Klebsiella pneumoniae carbapenemase (KPC)-producing K. pneumoniae (KPC-Kp) has emerged globally over the last decade as a major nosocomial pathogen that threatens patient care. These highly resistant bacteria are mostly associated with a single Kp clonal group, CG258, but the reasons for its host and hospital adaptation remain largely unknown.We analyzed the in vivo evolution of a colistin-resistant KPC-Kp CG258 strain that contaminated a patient following an endoscopy and was responsible for a fatal bacteremia 4.5 years later. Whole-genome sequencing was performed on 17 KPC-Kp isolates from this patient; single-nucleotide polymorphisms were analyzed and their implication in antimicrobial resistance and bacterial host adaptation investigated.The patient KPC-Kp strain diversified over 4.5 years at a rate of 7.5 substitutions per genome per year, resulting in broad phenotypic modifications.
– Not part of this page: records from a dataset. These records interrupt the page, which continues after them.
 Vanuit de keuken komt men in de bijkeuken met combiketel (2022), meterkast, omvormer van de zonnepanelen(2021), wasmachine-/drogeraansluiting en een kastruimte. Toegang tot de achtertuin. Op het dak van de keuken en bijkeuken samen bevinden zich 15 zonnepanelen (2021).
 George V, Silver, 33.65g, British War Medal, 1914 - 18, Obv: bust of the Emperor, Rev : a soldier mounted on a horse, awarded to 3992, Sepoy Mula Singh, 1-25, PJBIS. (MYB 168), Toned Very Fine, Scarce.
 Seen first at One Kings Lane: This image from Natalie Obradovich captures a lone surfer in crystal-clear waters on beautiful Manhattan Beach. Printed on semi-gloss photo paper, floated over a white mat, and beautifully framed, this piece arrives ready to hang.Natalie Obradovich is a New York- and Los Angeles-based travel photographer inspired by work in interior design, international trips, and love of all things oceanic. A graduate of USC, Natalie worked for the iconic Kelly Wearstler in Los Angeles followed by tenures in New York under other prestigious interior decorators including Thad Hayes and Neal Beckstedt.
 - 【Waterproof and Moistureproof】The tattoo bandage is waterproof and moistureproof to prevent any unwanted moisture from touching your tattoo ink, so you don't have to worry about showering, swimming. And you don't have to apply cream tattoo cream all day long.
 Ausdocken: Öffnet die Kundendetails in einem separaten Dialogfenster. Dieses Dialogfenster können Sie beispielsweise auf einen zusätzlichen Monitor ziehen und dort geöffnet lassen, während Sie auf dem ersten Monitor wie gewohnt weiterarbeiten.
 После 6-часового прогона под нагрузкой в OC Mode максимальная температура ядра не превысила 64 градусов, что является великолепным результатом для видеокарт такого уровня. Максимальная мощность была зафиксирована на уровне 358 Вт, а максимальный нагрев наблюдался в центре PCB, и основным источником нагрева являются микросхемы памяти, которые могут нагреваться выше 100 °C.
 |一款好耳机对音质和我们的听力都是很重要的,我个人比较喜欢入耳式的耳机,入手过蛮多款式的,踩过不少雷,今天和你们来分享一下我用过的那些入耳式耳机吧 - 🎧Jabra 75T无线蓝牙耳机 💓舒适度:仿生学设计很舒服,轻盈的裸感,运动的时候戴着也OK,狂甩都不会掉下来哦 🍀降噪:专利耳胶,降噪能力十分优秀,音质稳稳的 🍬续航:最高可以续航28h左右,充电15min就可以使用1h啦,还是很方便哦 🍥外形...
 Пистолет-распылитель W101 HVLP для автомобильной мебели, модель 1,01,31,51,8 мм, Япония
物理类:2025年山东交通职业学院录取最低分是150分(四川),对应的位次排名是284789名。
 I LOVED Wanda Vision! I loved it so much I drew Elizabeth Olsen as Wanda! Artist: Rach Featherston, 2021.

After 2 years of carriage, all isolates restored susceptibility to colistin. Higher expression of the fimbriae conferred the ability to produce more biofilm, and the isolate responsible for a bacteremia grew in human serum. The convergent mutations occurring in specific pathways, such as the respiratory chain and the cell envelope, revealed a complex long-term adaptation of KPC-Kp.Broad genomic and phenotypic diversification and the parallel selection of pathoadaptive mutations might contribute to long-term carriage and virulence of KPC-Kp CG258 strains and to the dissemination of this clone.